Work item
Reproduce everything from the line that contains "In der kommenden" down to the line that contains "LifeStride Botas femininas" in the listing below, word for word and nothing more. Leave the pictures out.

+ + + + +

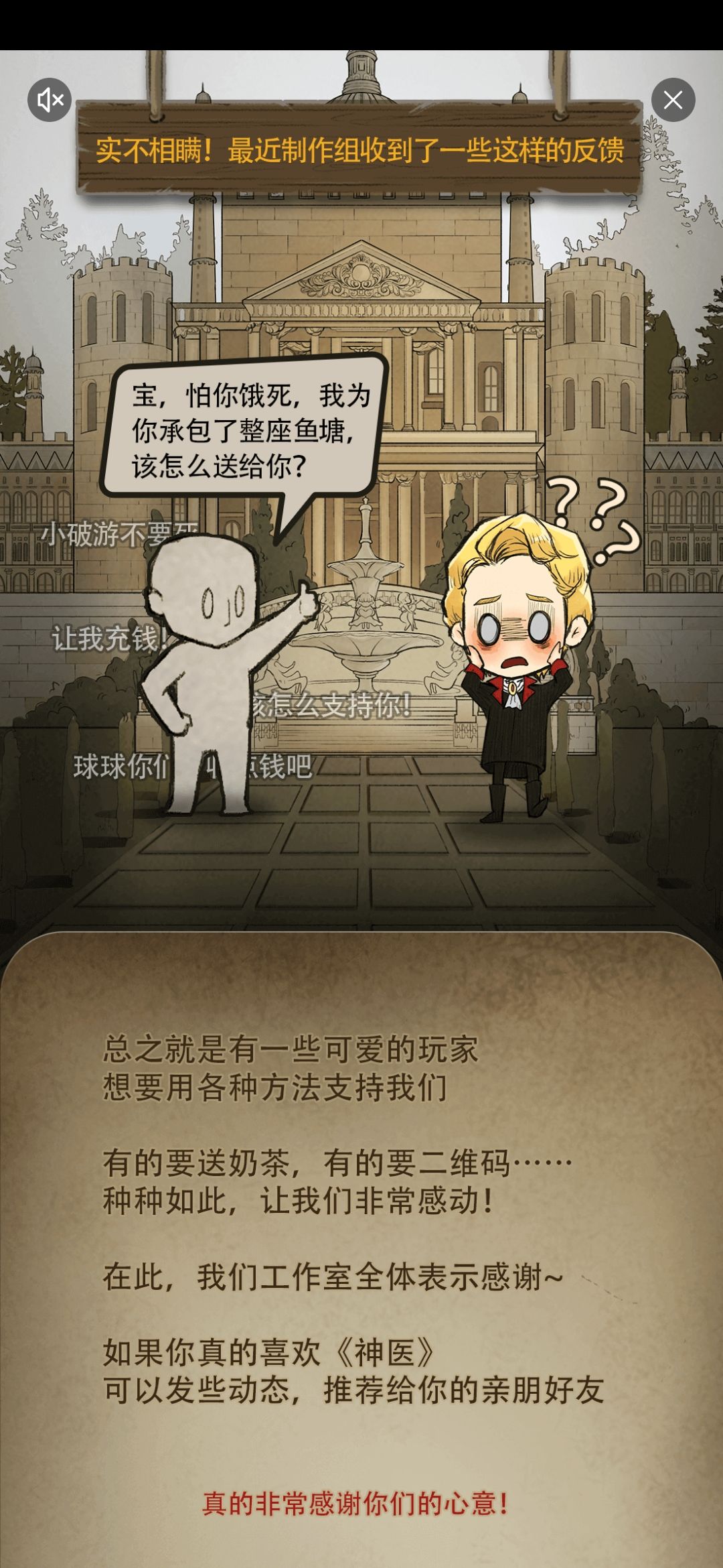 这个游戏的名字也很有内涵 神医 可以是真的那种神医! 也可以是假的那种神医~ 即可以带点嘲讽语气读呵 神医! 又可以用神圣的气息赞美 真乃神医 世人典范!也道进了医学发展的艰辛 这条道路贯穿中西方 连接古往今来 在不同时代都存在着不同的艰辛 不走其路尝不到种种 确实很感慨。
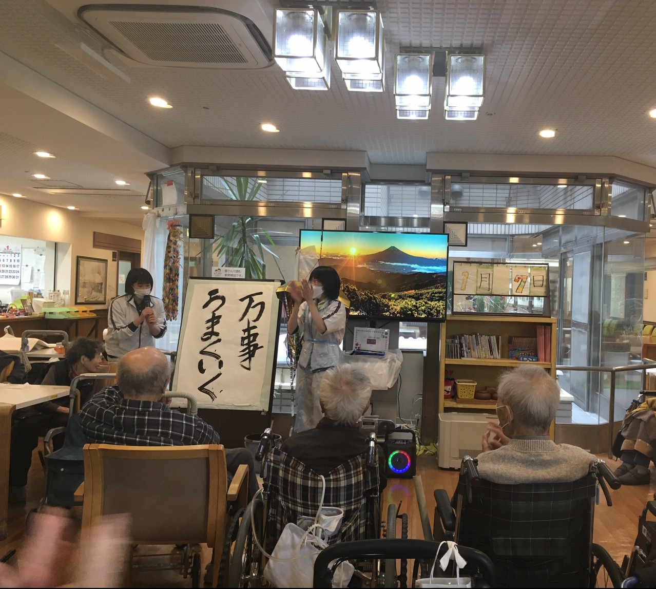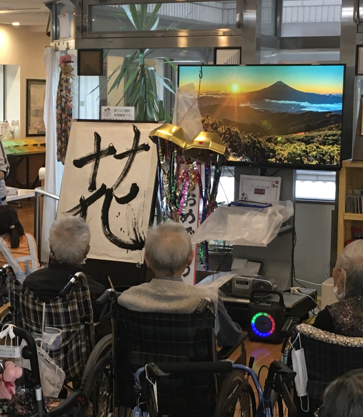 入所のご利用者にも書道パフォーマンスをして頂きました😊
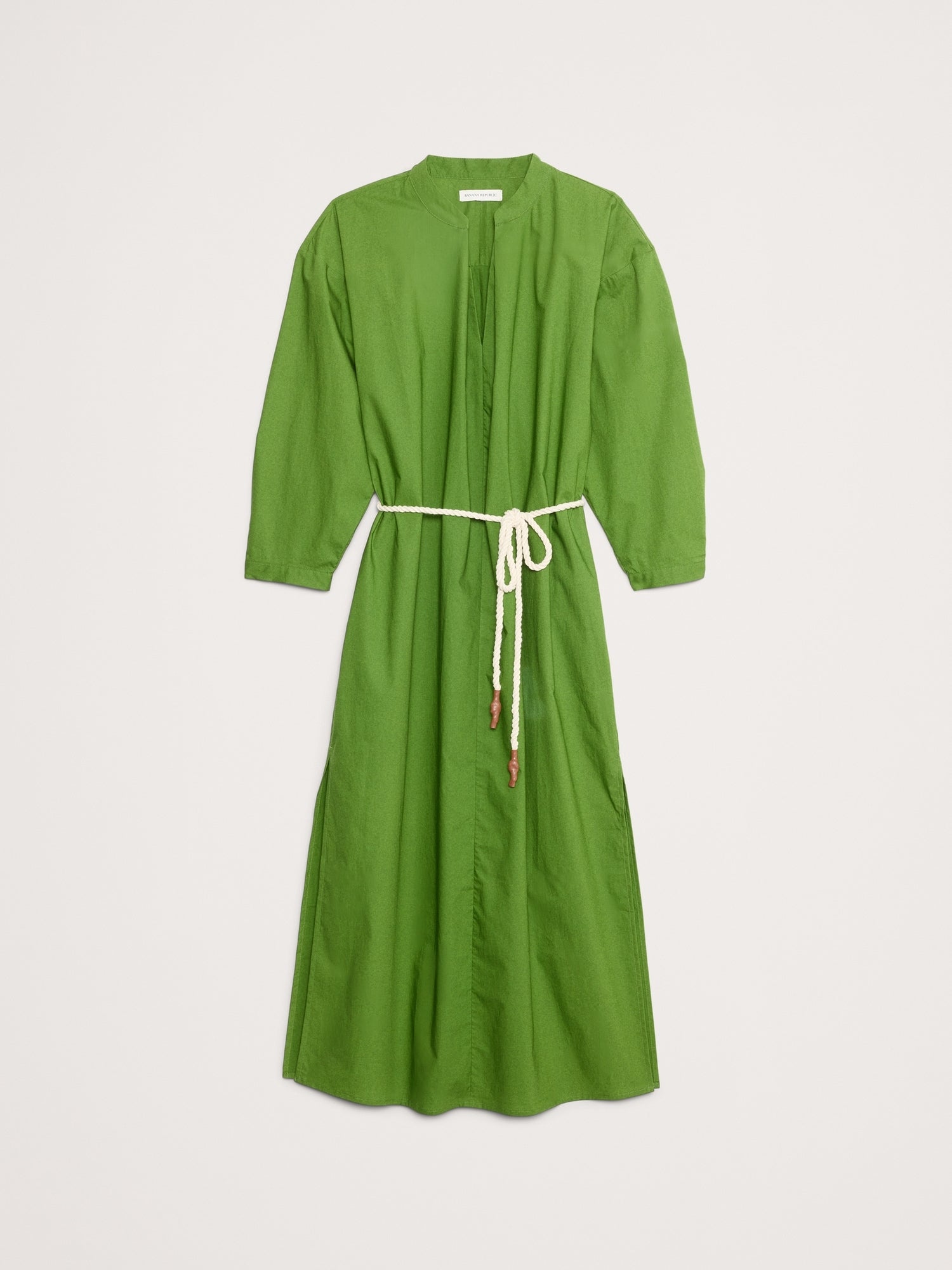 COTTON POPLIN SPLIT-NECK SHIRT DRESS
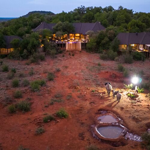 Gæsterne kan nyde faciliteter som en fælles lounge, bar, vinkælder, tv-stue, spisestue og en terrasse med pool med udsigt over et vandhul, hvor dyrelivet ofte samles. Derudover tilbyder lodgen en spa, et fitnesscenter og en shop.
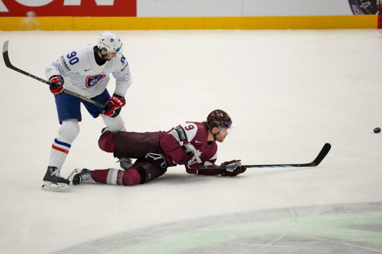 Lotyš Renars Krastenbergs padá po súboji s Francúzom Aurelienom Dairom počas zápasu základnej B-skupiny na MS v hokeji 2024. Ostrava (Ostravar Aréna), 12. máj 2024. Foto: SITA/AP.
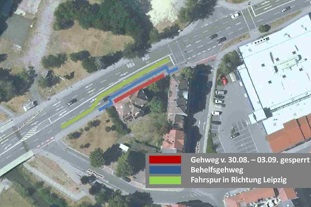 In der kommenden Woche steht in Fahrtrichtung Leipzig in der Sachsenallee zwischen der Straße „Am Pegauer Tor“ und der Mühlgasse nur eine Fahrspur zur Verfügung. Aufgrund von Tiefbauarbeiten im Bereich des Gehweges steht zwischen der Straße „Am Pegauer Tor“ und der Mühlgasse in Fahrtrichtung Leipzig ab 30. August nur eine Fahrspur zur Verfügung.
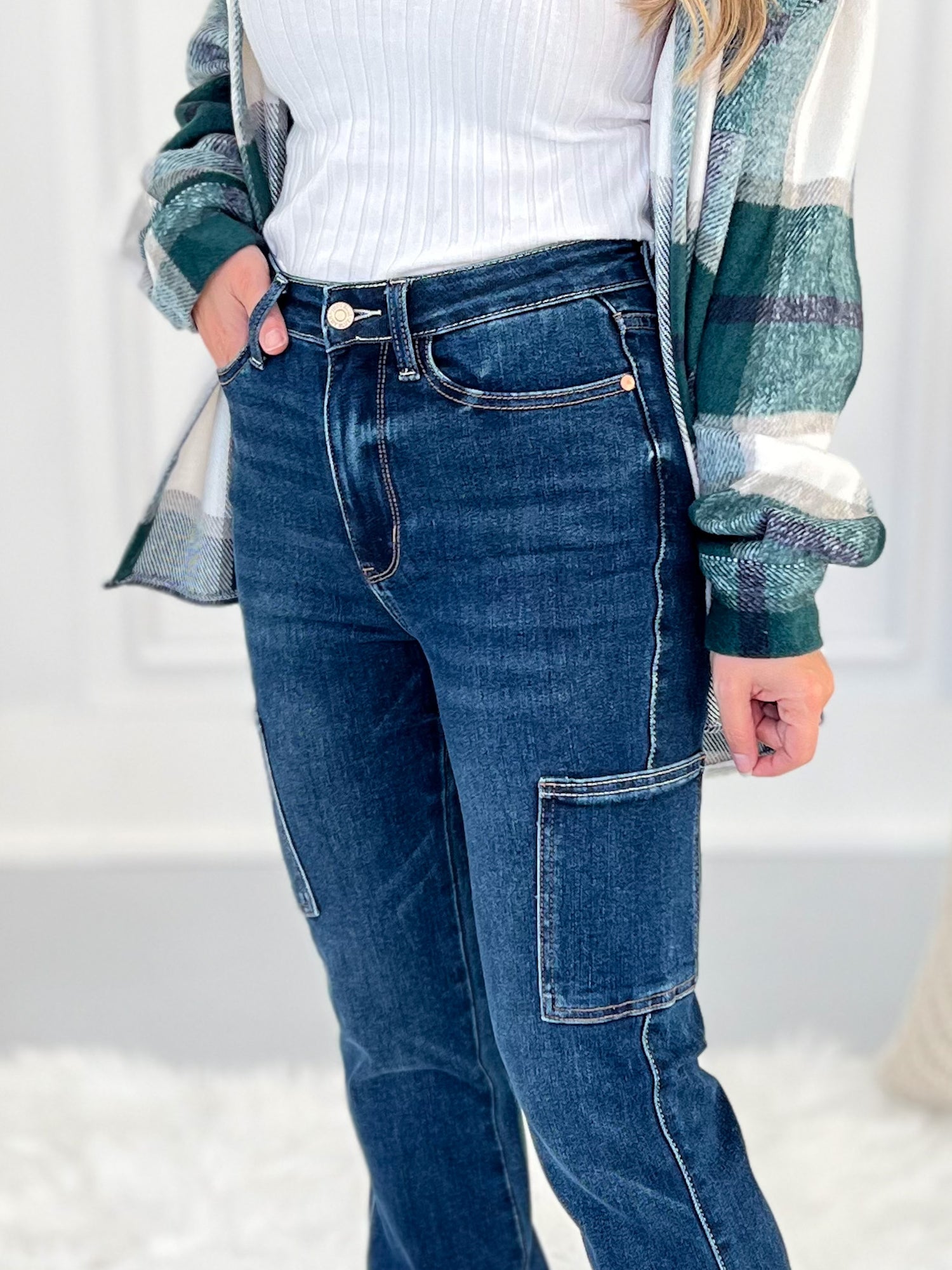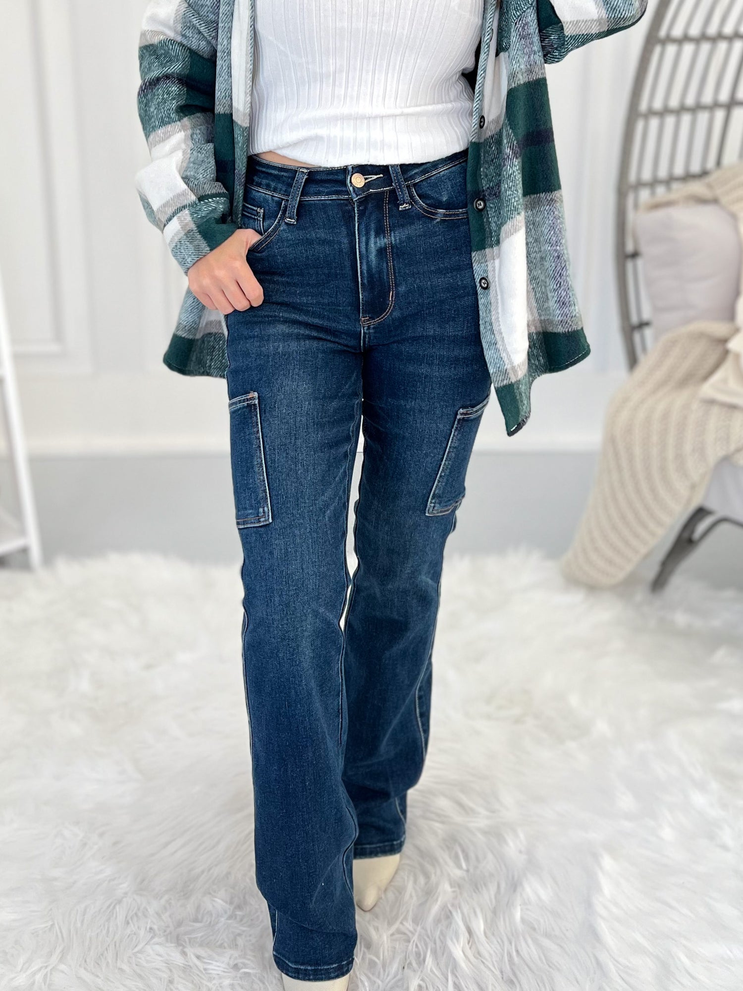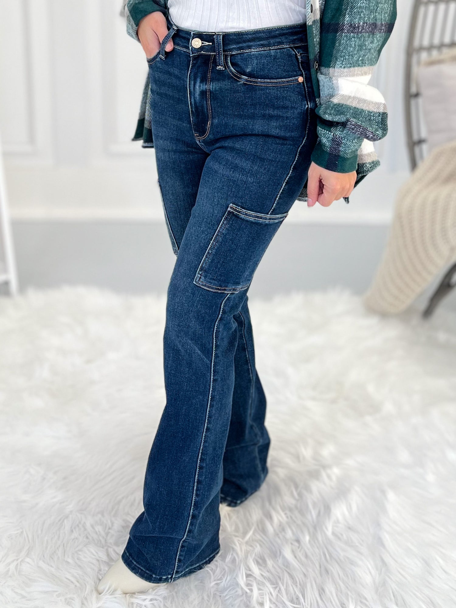We're loving the huge trend of cargo jeans right now, but loving even more that Judy Blue combined them with a sleek, bootcut silhouette! These stunners are so dang flattering with a deep, dark wash and a slimming effect at the knee. The no-bulk cargo pocket gives these jeans a unique style while still being a pair you can rock anytime, any place. And it goes without saying... but of course you'll love the Judy Blue stretchy fit and feel.
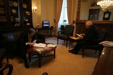 View Original:Vice_President_Cheney_and_David_Addington_Review_Documents.jpg (4992x3328)
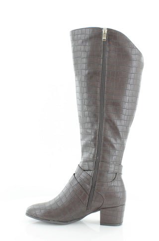 LifeStride Botas femininas de salto alto com zíper e bico redondo antiderrapante, estilo panturrilha larga, marrom, tamanho 9,5
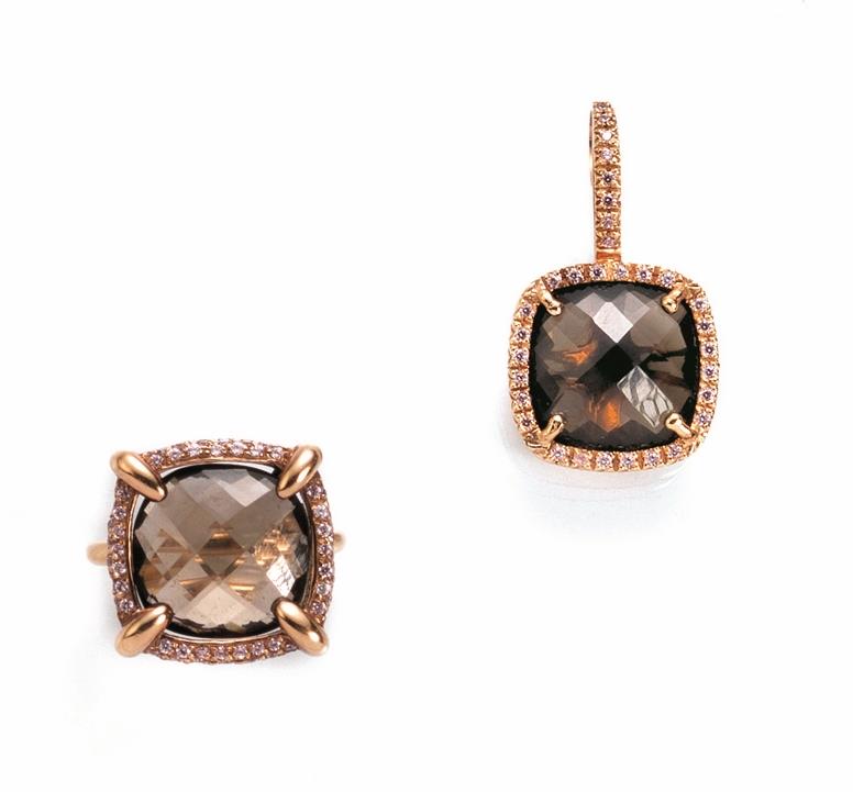 il pendente realizzato con quarzo affumicato quadrato a cuscino interamente sfaccettato entro cornice in zirconi rosa; l'anello en suite con il pendente, punzone 750, g 20 complessivi
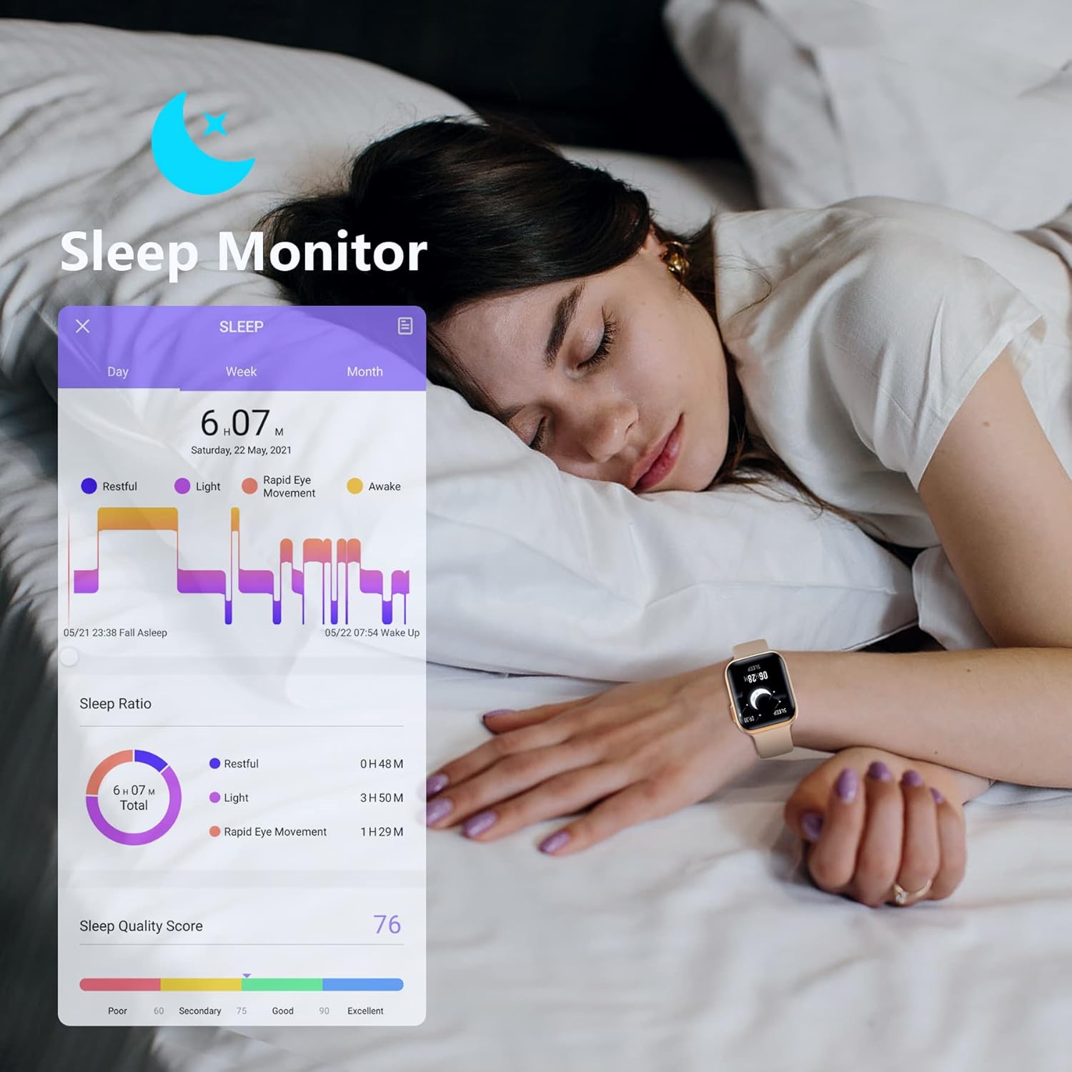 【Sleep Monitor】Automatic sleep tracking (Deep Sleep, Light Sleep, REM, and Awake) at night and provide a comprehensive analysis of your sleep quality, helping you establish a regular bedtime routine and keep track of your sleep trends night after night. So you could set and achieve your personal sleep goals

+ + + + +

Task result
 In der kommenden Woche steht in Fahrtrichtung Leipzig in der Sachsenallee zwischen der Straße „Am Pegauer Tor“ und der Mühlgasse nur eine Fahrspur zur Verfügung. Aufgrund von Tiefbauarbeiten im Bereich des Gehweges steht zwischen der Straße „Am Pegauer Tor“ und der Mühlgasse in Fahrtrichtung Leipzig ab 30. August nur eine Fahrspur zur Verfügung.
We're loving the huge trend of cargo jeans right now, but loving even more that Judy Blue combined them with a sleek, bootcut silhouette! These stunners are so dang flattering with a deep, dark wash and a slimming effect at the knee. The no-bulk cargo pocket gives these jeans a unique style while still being a pair you can rock anytime, any place. And it goes without saying... but of course you'll love the Judy Blue stretchy fit and feel.
 View Original:Vice_President_Cheney_and_David_Addington_Review_Documents.jpg (4992x3328)
 LifeStride Botas femininas de salto alto com zíper e bico redondo antiderrapante, estilo panturrilha larga, marrom, tamanho 9,5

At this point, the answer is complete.